(EXTRACTED INFORMATION begins)

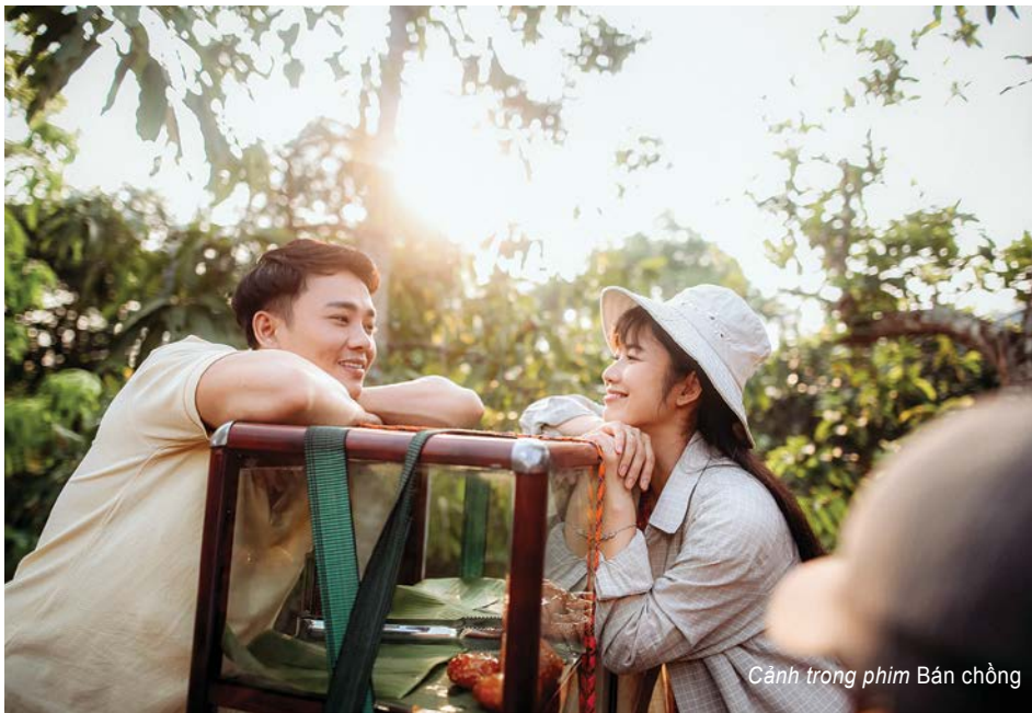
Cảnh trong phim Bán chồng

chạm được vào sự quan tâm của khán giả và mang đến thành công.
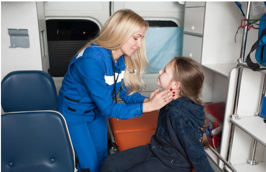
Слайд № 18
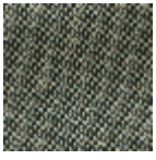
L4152_POINT_ DE_TOURS_B6 5
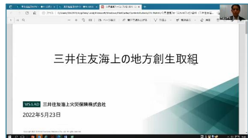
(佐藤氏による講演の様子)
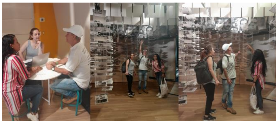
Entrevista, a una de las familiares víctimas del fenómeno social (Trabajo de campo)
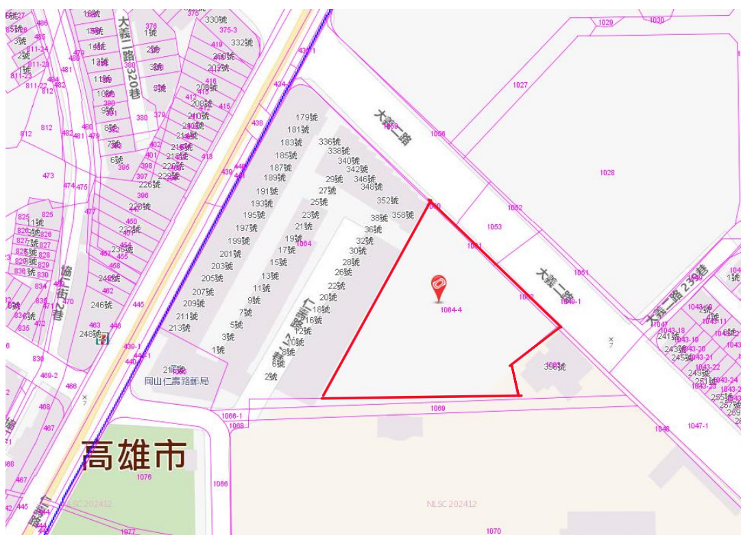
圖 1. 基地位置示意圖
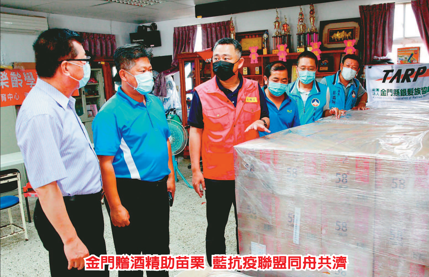
金門贈酒精助苗栗 藍抗疫聯盟同舟共濟 中央政府防疫不力，國民黨結合十四個執政縣市首長組成「抗疫聯盟」。鑑於苗栗縣急缺酒精等防疫物資，黨主席江啓臣八日致電金門縣長楊鎮浚，金門將提供一百四十四箱、共三千四百多瓶酒精，讓苗栗用於清消防疫。(文／記者王超群)
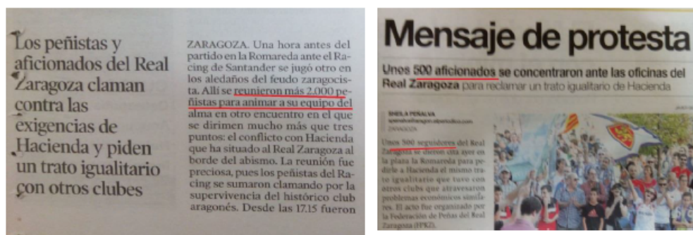
Imagen 2. Noticias del mismo día con datos enfrentados
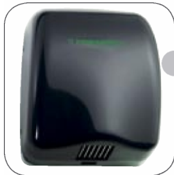
NATUS 26 (a)
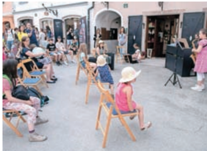
O'glasbena Loka je z glasbo zapolnila vse koticke starega mestnega jedra.

Letošnje šolsko leto je sicer tudi v glasbenih šolah zaznamoval pouk na daljavo. Tudi zato je bil poseben izživ znova stopiti na oder pred večjo publiko, je priznal pomočnik ravnatelja GŠ Škofja Loka Luka Železnik. Kljub temu so učenci nastope izpeljali na visoki
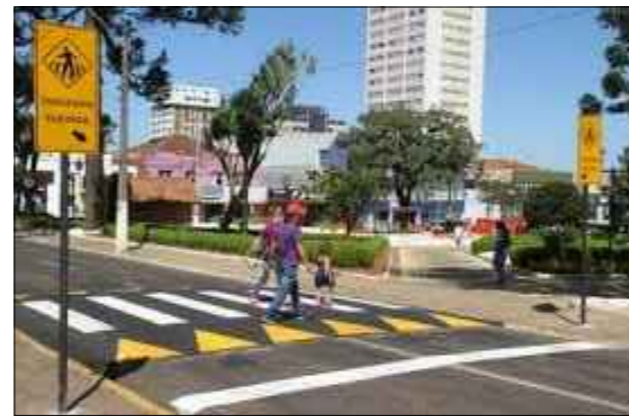
Exemplo Faixas de Travessia de Pedestres
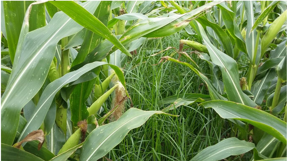
Figuur 2: Knolcyperus niet bestrijden is geen optie!

klein.pdf . Tijdige detectie kan veel verder onheil voorkomen gezien bij een beperkte aanwezigheid nog verdere verspreiding kan vermeden worden.
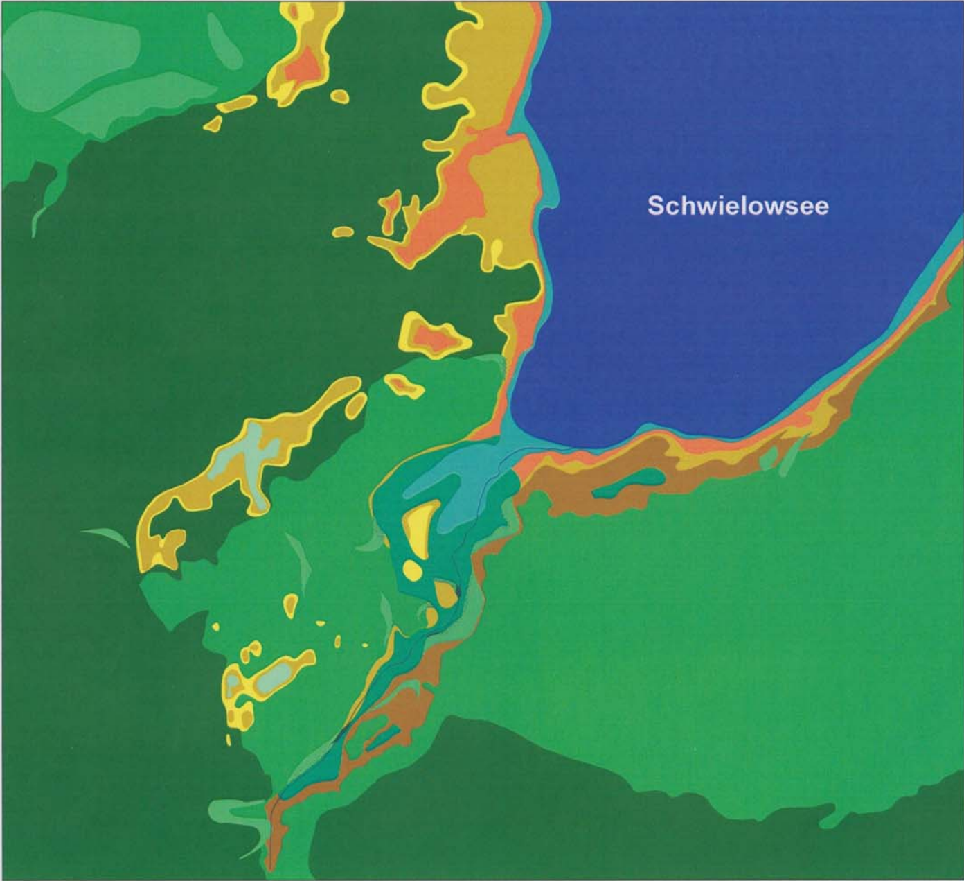
Abbildung 11: Waldzustand in der Eichen-Kiefern-Buchen-Zeit um 500 u. Z. (ursprüngliche Vegetation) [aus Rubin, M., Brande, A. & Zerbe, S. 2008]
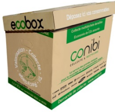
ECOBX 100 litres 45 cm X 60 cm X 40 cm

Dès la première collecte (*), nous vous livrons des contenants adaptés pour regrouper vos consommables usagés :
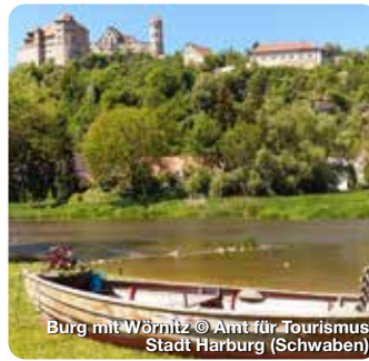
Burg mit Wörnitz
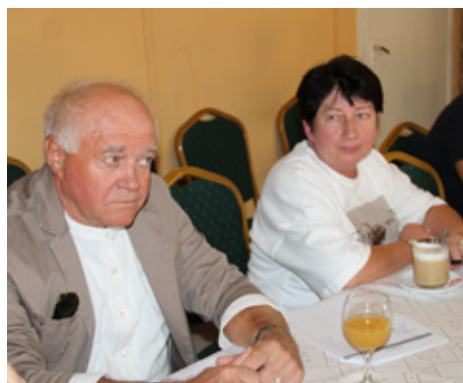
Sjednica Hrvatske samouprave Bačko-kiškunske županije
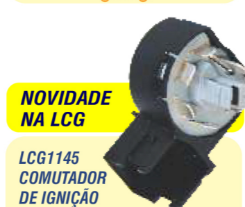
NOVIDADE NA LCG LCG1145 COMUTADOR DE IGNIÇÃO
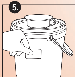
5. Aufkleber beschriften und aufkleben
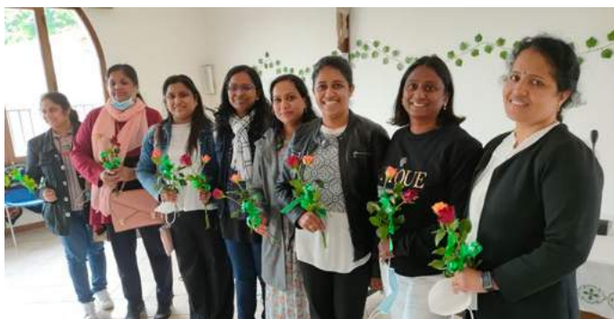
La communauté indienne catholique syro-malabar célèbre régulièrement une messe dans notre Institution. Ils ont également célébré la fête des mères.
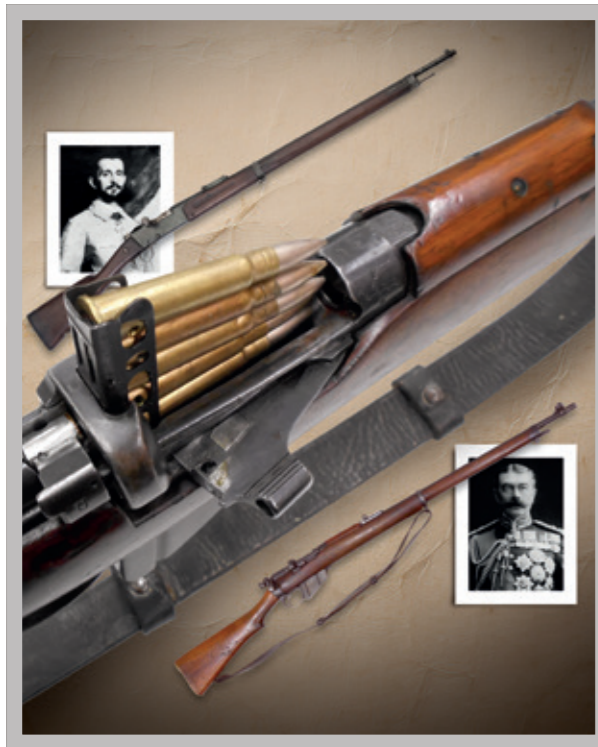
16 Le Lebel face au Lee-Metford MKII.
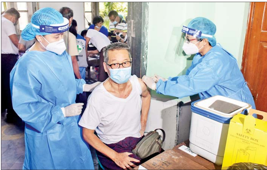
ရန်ကုန်တိုင်းဒေသကြီး၌ အသက် ၆၅ နှစ်အထက် သက်ကြီးအမျိုးသားတစ်ဦးအား ကာကွယ်ဆေးထိုးနှံပေးစဉ်။

နေပြည်တော်၌ ပြည်ထောင်စုအဆင့် အဖွဲ့အစည်းဝင်များနှင့် အရာထမ်းများအား ကာကွယ်ဆေး စတင်ထိုးနှံပေးစဉ်။
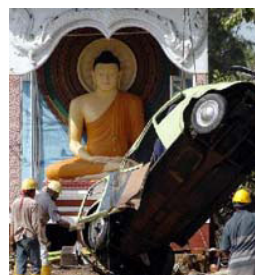
图片 1: 斯里兰卡加勒寺庙前, 佛像在海啸中丝毫无损。

一名斯里兰卡旅馆业者则如此述说他的经验: 虽然方圆数公里内其它东西都被摧毁, 他的旅馆却奇迹般的仅受到轻微伤害。他表示, 这是因他过去十年来行善所积的阴德所致。
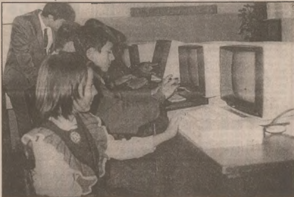
Foarte tinerii informaticieni ai Școlii „Andrei Șaguna” Deva și-au dobândit deja un prestigiu între colegii de generație.
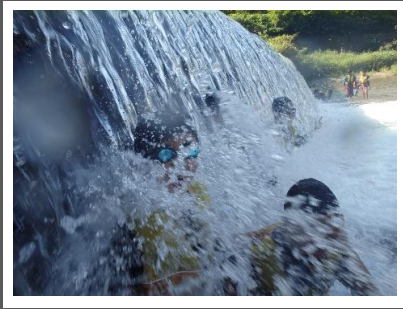
滝の向こう側へ潜ってみるメンバーもいました。
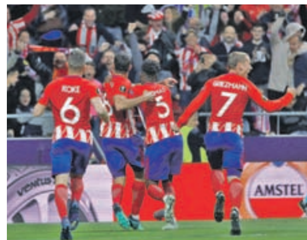
El Atlético llegó a la final tras eliminar al Arsenal

Lyon no es una ciudad que dejase un buen recuerdo en el cuadro colchonero, ya que en 1986 perdía la final de la Recopa con el Dinamo de Kiev por un contundente 3-0. Eso sí, aquel partido se disputó en el vetusto Gerland y no en el Parc OL donde tendrá lugar un encuentro que arrancará en horario Champions: a las 20:45.

(EXTRACTED INFORMATION ends)

## ACTIVITY
The answer should consist only of the lines above from the one with "Dès la première" through the one with "虽然方圆数公里内其它东西都被摧毁, 他的旅馆却奇迹般的仅受到轻微伤害。他表示, 这是因他过去十年来行善所积的阴德所致。", repeated exactly, with no pictures among them.

## EXERCISE ANSWER
Dès la première collecte (*), nous vous livrons des contenants adaptés pour regrouper vos consommables usagés :
Burg mit Wörnitz
Sjednica Hrvatske samouprave Bačko-kiškunske županije
NOVIDADE NA LCG LCG1145 COMUTADOR DE IGNIÇÃO
5. Aufkleber beschriften und aufkleben
La communauté indienne catholique syro-malabar célèbre régulièrement une messe dans notre Institution. Ils ont également célébré la fête des mères.
16 Le Lebel face au Lee-Metford MKII.
ရန်ကုန်တိုင်းဒေသကြီး၌ အသက် ၆၅ နှစ်အထက် သက်ကြီးအမျိုးသားတစ်ဦးအား ကာကွယ်ဆေးထိုးနှံပေးစဉ်။

နေပြည်တော်၌ ပြည်ထောင်စုအဆင့် အဖွဲ့အစည်းဝင်များနှင့် အရာထမ်းများအား ကာကွယ်ဆေး စတင်ထိုးနှံပေးစဉ်။
图片 1: 斯里兰卡加勒寺庙前, 佛像在海啸中丝毫无损。

一名斯里兰卡旅馆业者则如此述说他的经验: 虽然方圆数公里内其它东西都被摧毁, 他的旅馆却奇迹般的仅受到轻微伤害。他表示, 这是因他过去十年来行善所积的阴德所致。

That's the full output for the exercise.